Franchisors may also consider supporting efforts of the Canadian Franchise Association, which has announced that it is lobbying the federal and provincial governments for additional measures supporting franchised businesses, including:

  • increased wage subsidies;
  • workers' compensation premium subsidies;
  • sales tax remittance deferrals;
  • commercial rent relief;
  • the foregoing of municipal property tax payments;
  • utility bill relief;
  • loan payment deferrals;
  • requirements on rating agencies to freeze credit scores;
  • incentives and subsidies for new hires after the crisis; and
  • enhancements to the Canadian Small Business Finance Programme, such as:
    • improving access to capital;
    • increasing maximum loan amounts; and
    • allowing working capital to be financed.

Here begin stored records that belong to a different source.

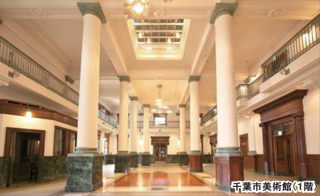 1階は旧川崎銀行千葉支店の建物を保存。浮世絵をはじめとする江戸時代から近代までの日本の絵画や版画、現代美術、房総ゆかりの作品をコレクションし、多彩な企画展を開催しています。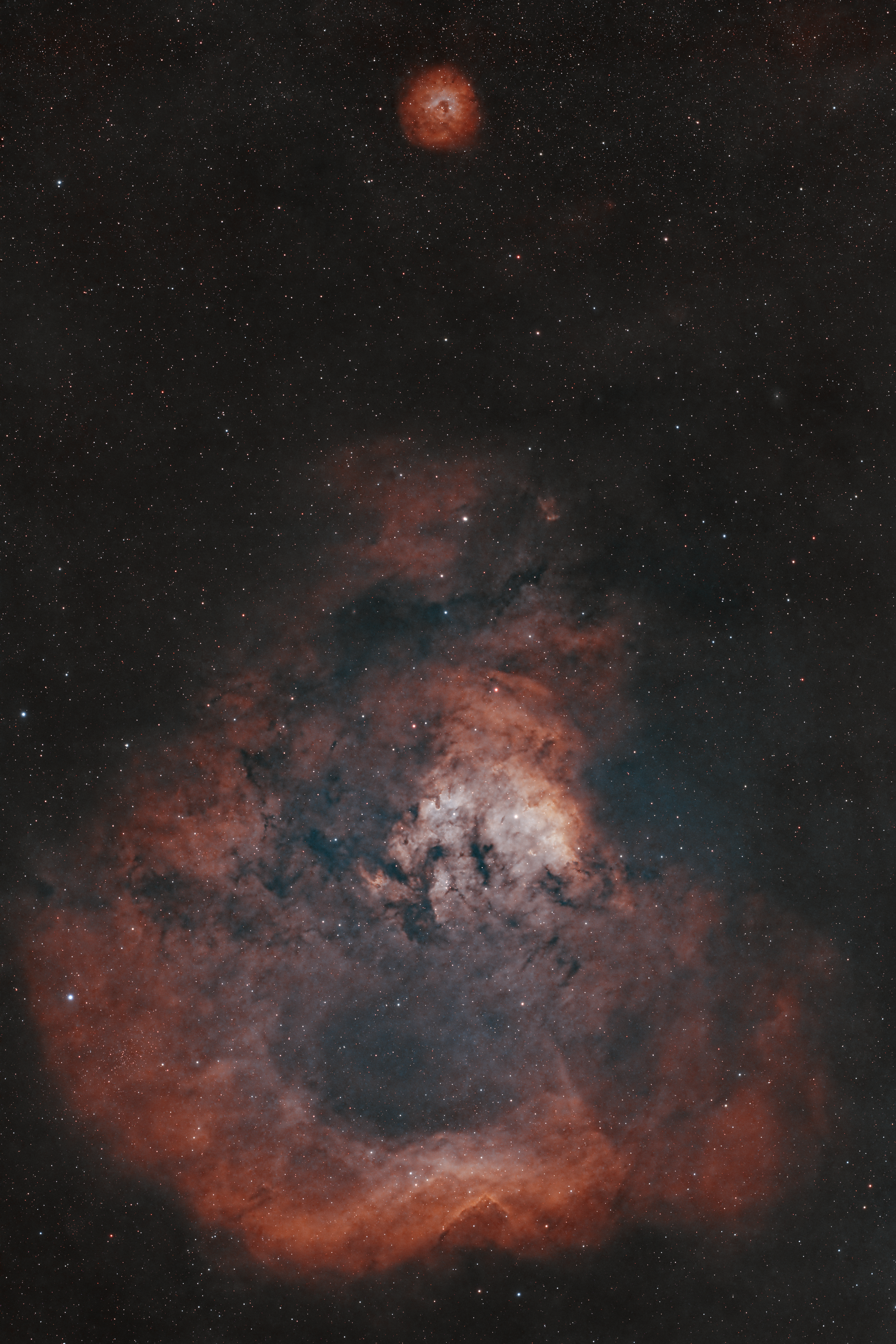 WO RedCat 250/51mm, L-Ultimate dual NB filter, ASI2600 MC camera, ASIAIR Plus controller, AM5N mount. 120 5' exposures stacked and processed in PixInsight with RC-Astro and SetiAstro tools. Final exp and crop in Affinity Photo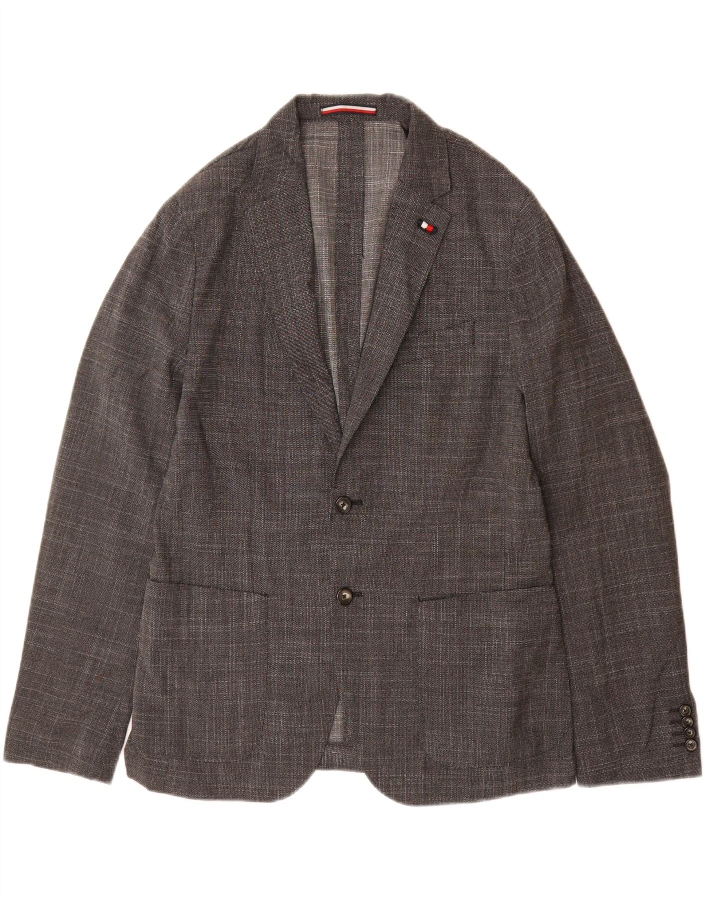 TOMMY HILFIGER Męska dopasowana marynarka zapinana na 2 guziki IT 48 Średni szary
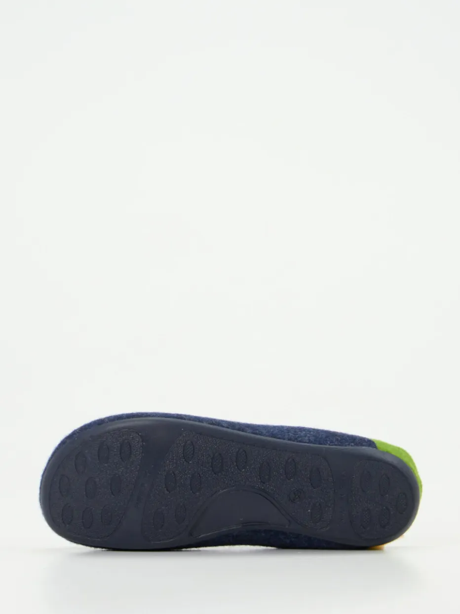 Dank des samtig-filzigen Filzmaterials sorgt das Modell für angenehme Wärme und ein behagliches Tragegefühl. Die dunkelblaue Farbgebung wird durch eine detailreiche Stickerei in Himbeerrosa und Moosgrün akzentuiert. Der offene Fersenbereich erleichtert das Hineinschlüpfen, während die biegsame, rutschhemmende Gummisohle sicheren Halt bietet. Die Innensohle ist weich gepolstert und unterstützt den Fuß bei jedem Schritt. Perfekt für stilbewusste Loungewear-Looks und wohlige Wintertage.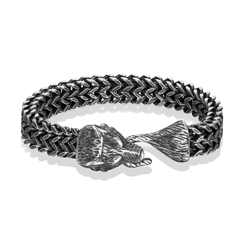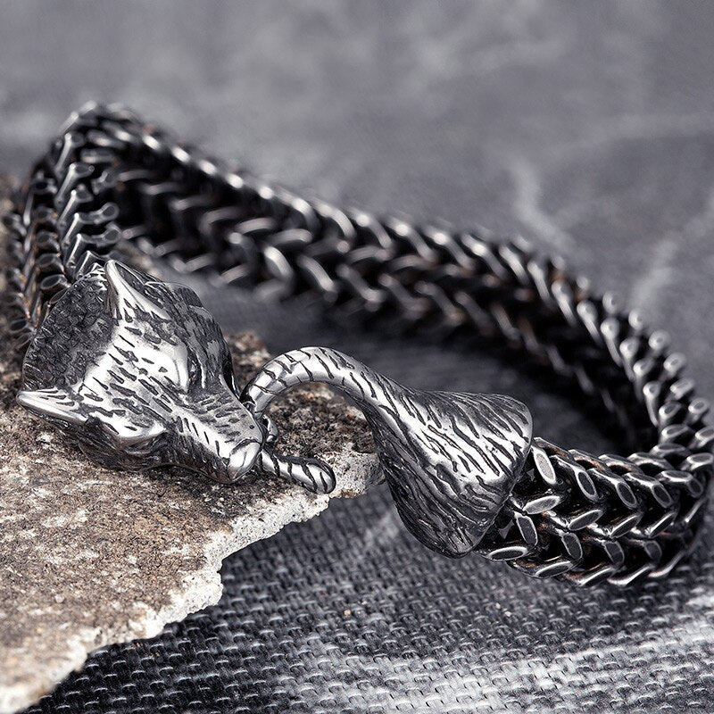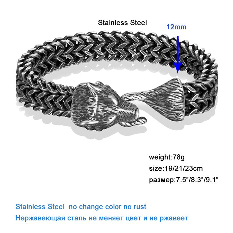 Pulsera de acero inoxidable para hombre, estilo vintage, con cabeza de lobo negra, cadena cubana, joyería de moda para hombre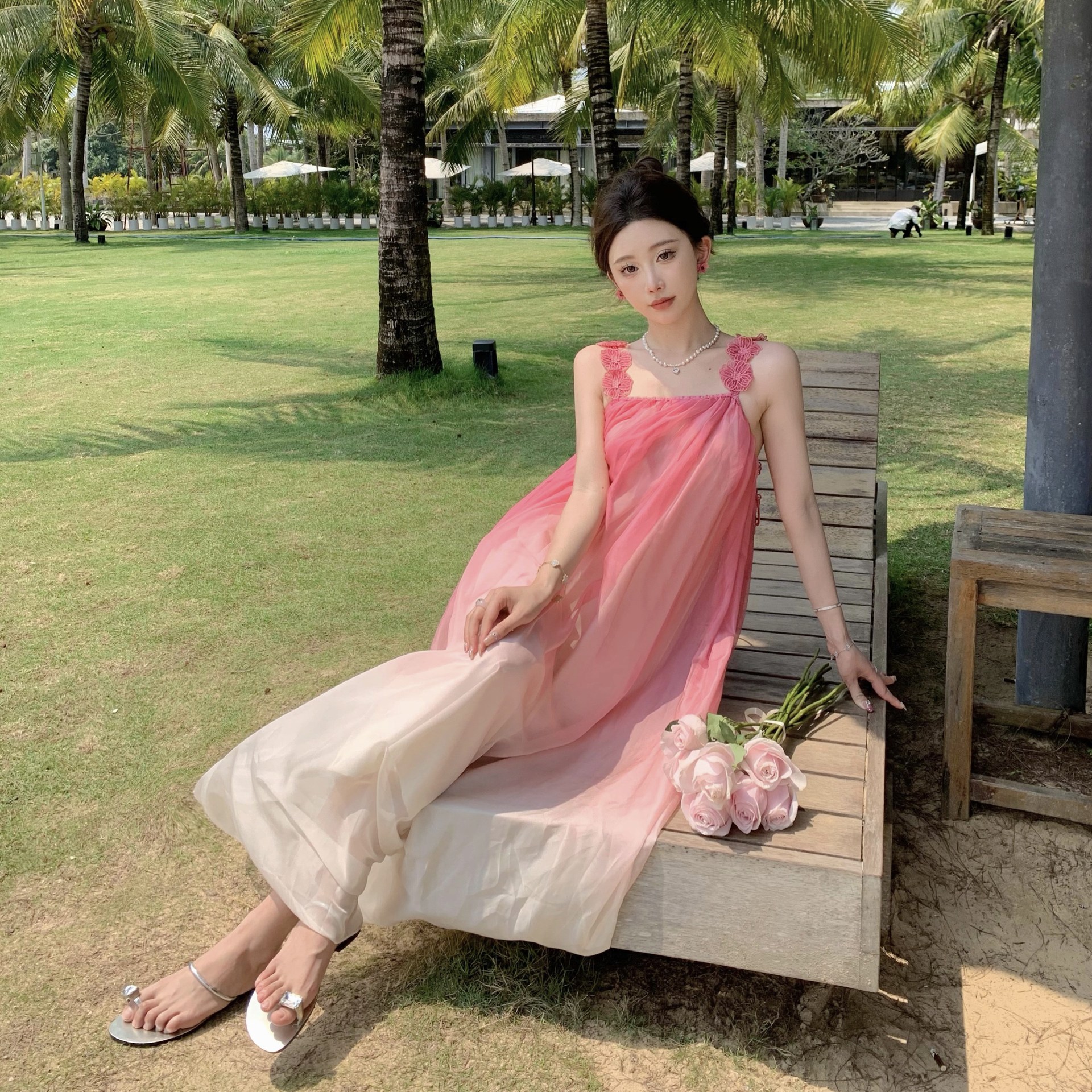 夏季度假拍照沙滩长裙海边粉色渐变吊带真丝长裙立体绣花超仙

In addition, franchisors should consider revisiting system-wide workplace health and safety policies, as well as cleaning and sanitisation procedures for physical locations. In turn, franchisees may wish to receive training and guidance from franchisors with respect to post-pandemic measures relating to employee illness, such as:

  • requirements to self-report symptoms;
  • penalties for failing to do so;
  • strict hand-washing and physical distancing requirements; and
  • other health-related concerns.

Such considerations will likely be key to enticing and retaining employees going forward and could prove to be a driving factor in ensuring customer flow and fostering market share and brand loyalty following the pandemic.

Franchisors which are lessees under the head lease for franchised premises may consider reviewing their lease agreements in order to determine whether any relief or deferral measures may be negotiated with commercial lessors and pass them along to struggling franchisees where available.

Finally, from an internal perspective, franchisors may wish to revise their business development and growth strategies given the economic landscape and anticipated difficulties in soliciting investments going forward. On the other hand, where struggling franchisees are showing signs that they are ready to exit a system, franchisors should make efforts to accommodate these requests in a timely manner where possible, either by directly repurchasing units or connecting franchisees with interested buyers.

Comment

The COVID-19 pandemic is having an unprecedented effect on social and economic realities that will leave lasting damage. It is therefore incumbent upon franchisors and franchisees to collaborate and seek creative and responsive solutions to the issues as they arise and to generally ensure their continued relevance in the commercial marketplace going forward.

Endnotes

(1) Kosman, J (17 March 2020). "Subway franchisees seeking relief amid coronavirus pandemic".

(2) Kosman, J (31 March 2020). "Subway franchisees fret as corporation says it won't offer new break on fees".